This step is only required if the user wants to get the gene names and the annotation is retrieved with the information given by the ensembl webpage [16]. Normally, the counts matrix has the Ensembl Ids as gene identifier, but with this step, the Ensembl Ids are change by the gene names. However, the user can decide to keep its own annotation or the Ensembl Ids. For example, to achieve the gene names the function needs the current Ensembl Ids, and the reference Genome used would be the number 38. If the user wants a different annotation than the human annotation, the parameter notHSapiens has to be set to TRUE and the desired specie dataset from ensembl indicated in the parameter notHumandataset (i.e. “mm129s1svimj_gene_ensembl”). An example can be seen below:
## Getting annotation of the Homo Sapiens...
## Using reference genome 38.
# Downloading mus musculus annotation
myAnnotationMusMusculus <- getGenesAnnotation(rownames(countsMatrix),
notHSapiens = TRUE,notHumandataset = "mm129s1svimj_gene_ensembl")

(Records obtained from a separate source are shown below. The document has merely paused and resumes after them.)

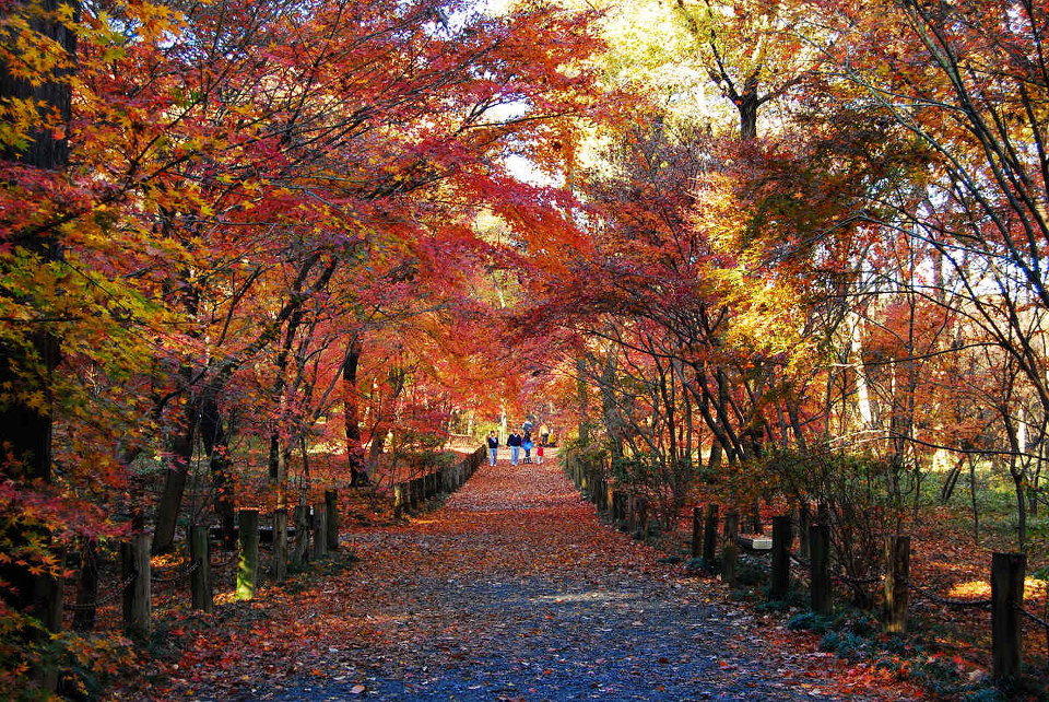 武藏丘陵森林公園位于埼玉縣的比企北丘陵。1974年7月22日開園,是日本最早的國營公園。附近地域的民眾都直接稱它為森林公園。公園面積達(dá)300萬平方米,園內(nèi)有大片的天然林,星羅棋布,點綴著41個湖沼。園內(nèi)有一條全長17公里的自行車專用道,游人可以租用自行車在林間悠游。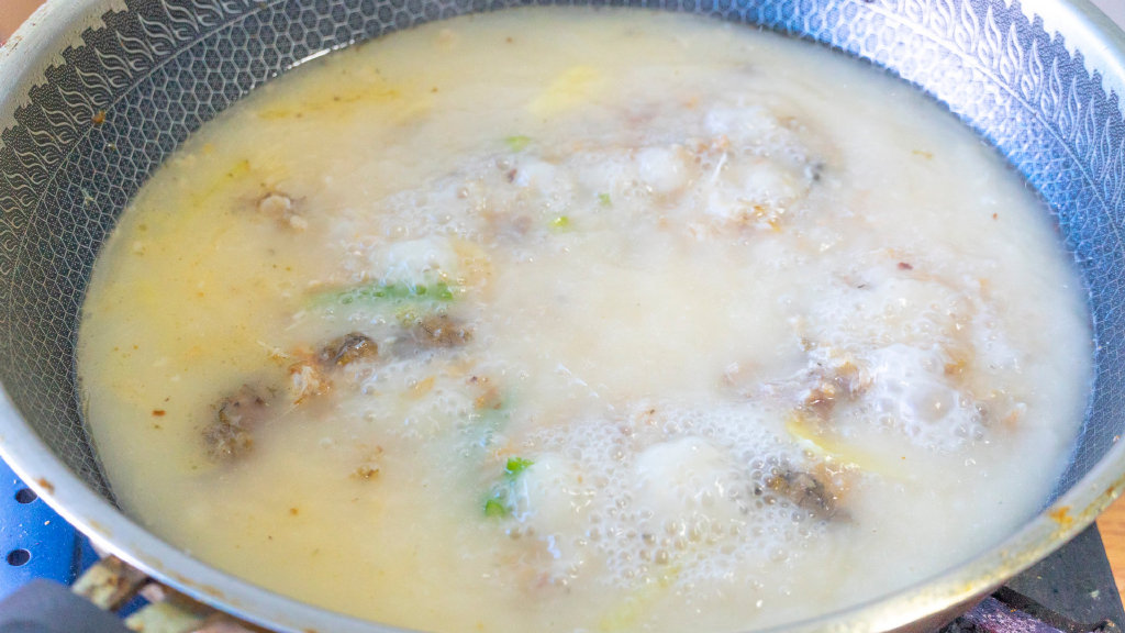 9、10分钟后我们来看一下,汤色果然奶白又鲜美,接着倒出来过滤掉下鱼肉和鱼渣。
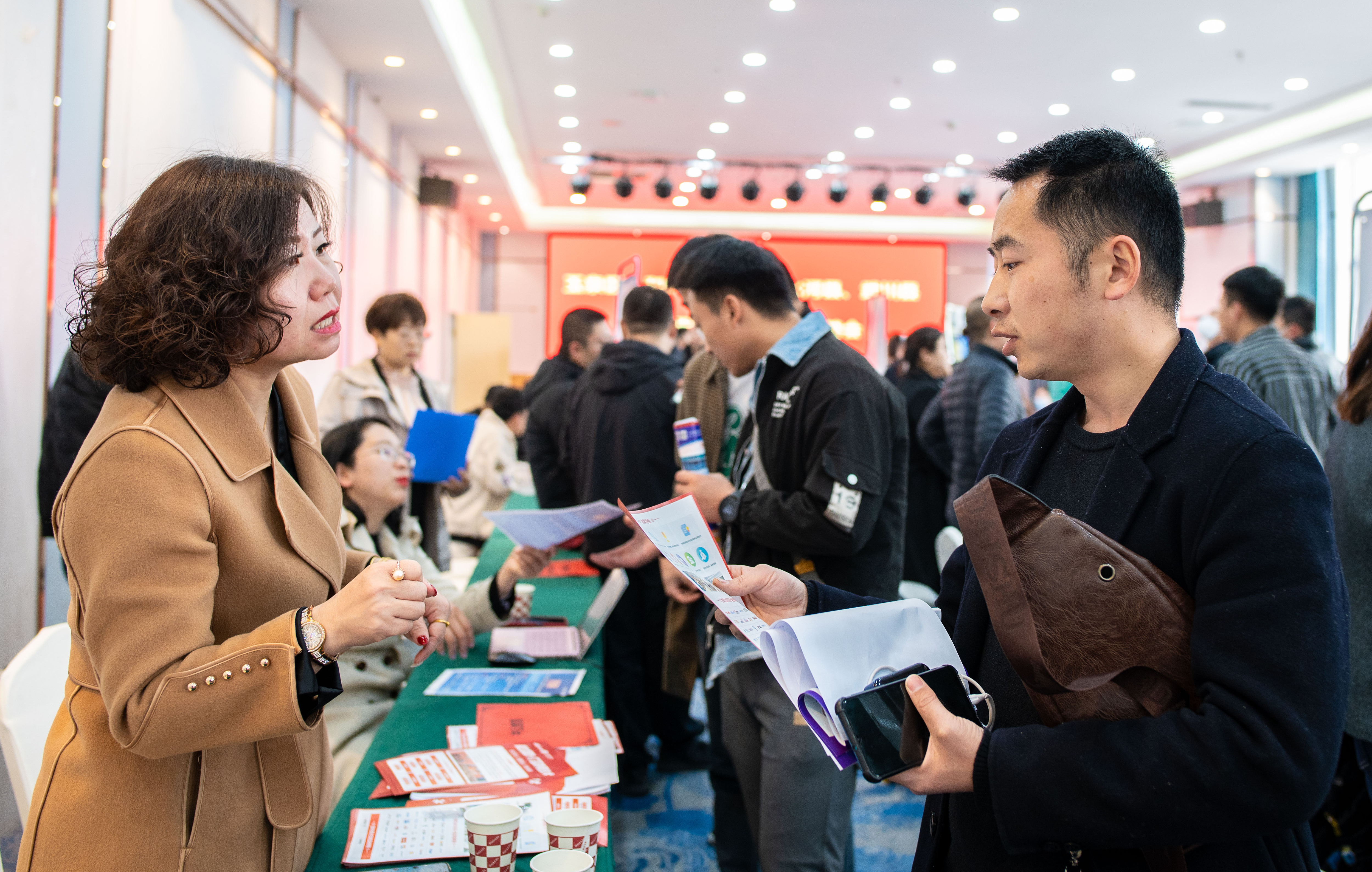 3月24日,内蒙古呼和浩特,求职者在退役军人、军属专场招聘会上与用人单位洽谈。图/视觉中国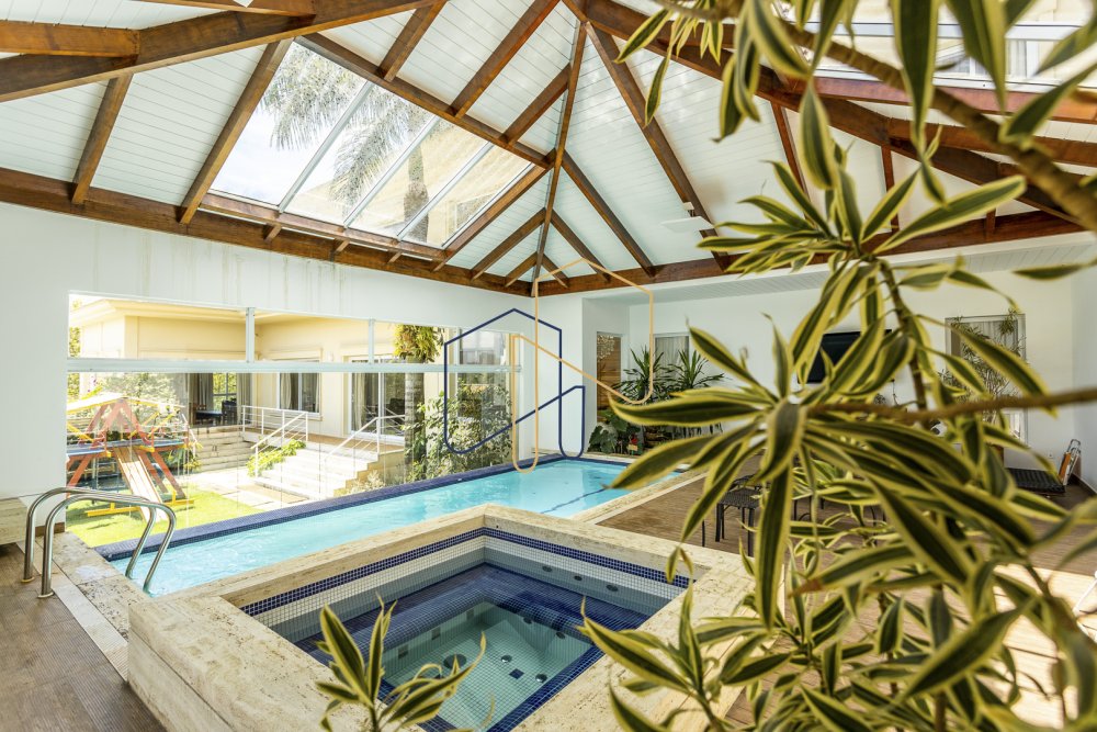 Piscina com cobertura retrátil e jacuzzi.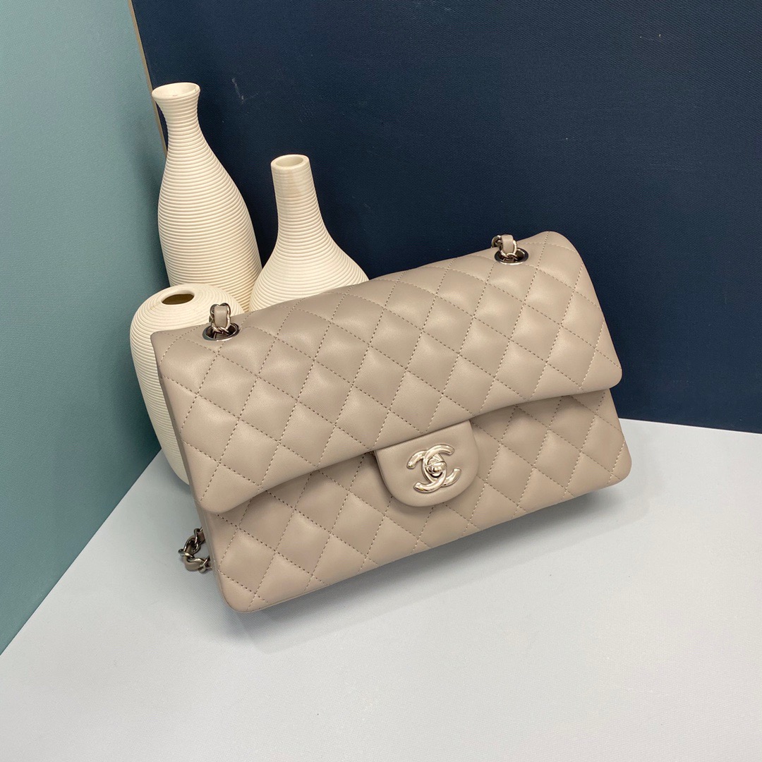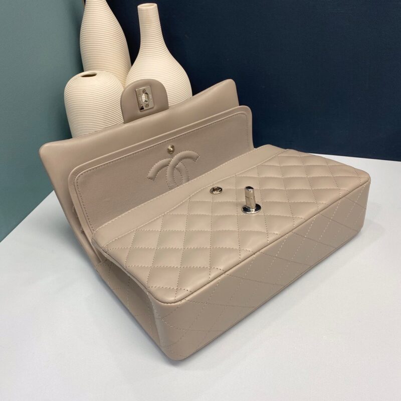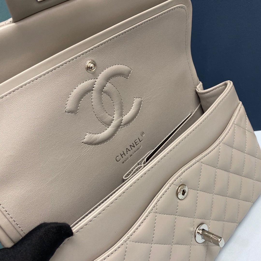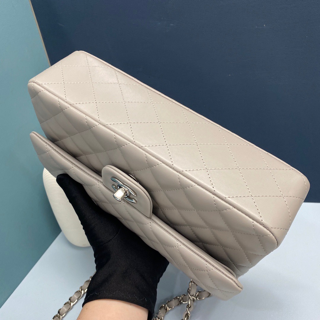 Chanel Classic Flap Imported lambskin. All copper hardware. Turtle Dove Grey. Silver Buckle 25cm

## Downloading annotation mm129s1svimj_gene_ensembl...
##
## Connection error, trying again...
##
## Connection error, trying again...
Finally, once both the countsMatrix and the annotation are ready, it is time to convert those counts into gene expression values. For that, the function calculateGeneExpressionValues uses the cqn package to calculates the equivalent gene expression [17]. This function performs a conversion of counts into gene expression values, and changes the Ensembl Ids by the gene names if the parameter geneNames is equal to TRUE. An example of the use of this function is showed below:
# Calculating gene expression values matrix using the counts matrix
expressionMatrix <- calculateGeneExpressionValues(countsMatrix,myAnnotation,
genesNames = TRUE)
## Calculating gene expression values...
## RQ fit ..........
## SQN
## .
At this time of the pipeline, a function that plots the expression data and allows verifying if the data is well normalized can be used. This function has the purpose of joining all the important graphical representation of the pipeline in the same function and is called dataPlot. It is very easy to use because just by changing the parameter method many different representations can be achieved. In this case, in order to see the expression boxplot of each sample, the function has to be called with the parameter mode equal to “boxplot”. The labels are necessary to colour the different samples depending on the class of the samples. These colours can be selected by the user, by introducing in the parameter colours a vector with the name of the desired colours. The function also allows exporting the plots as PNG and PDF files.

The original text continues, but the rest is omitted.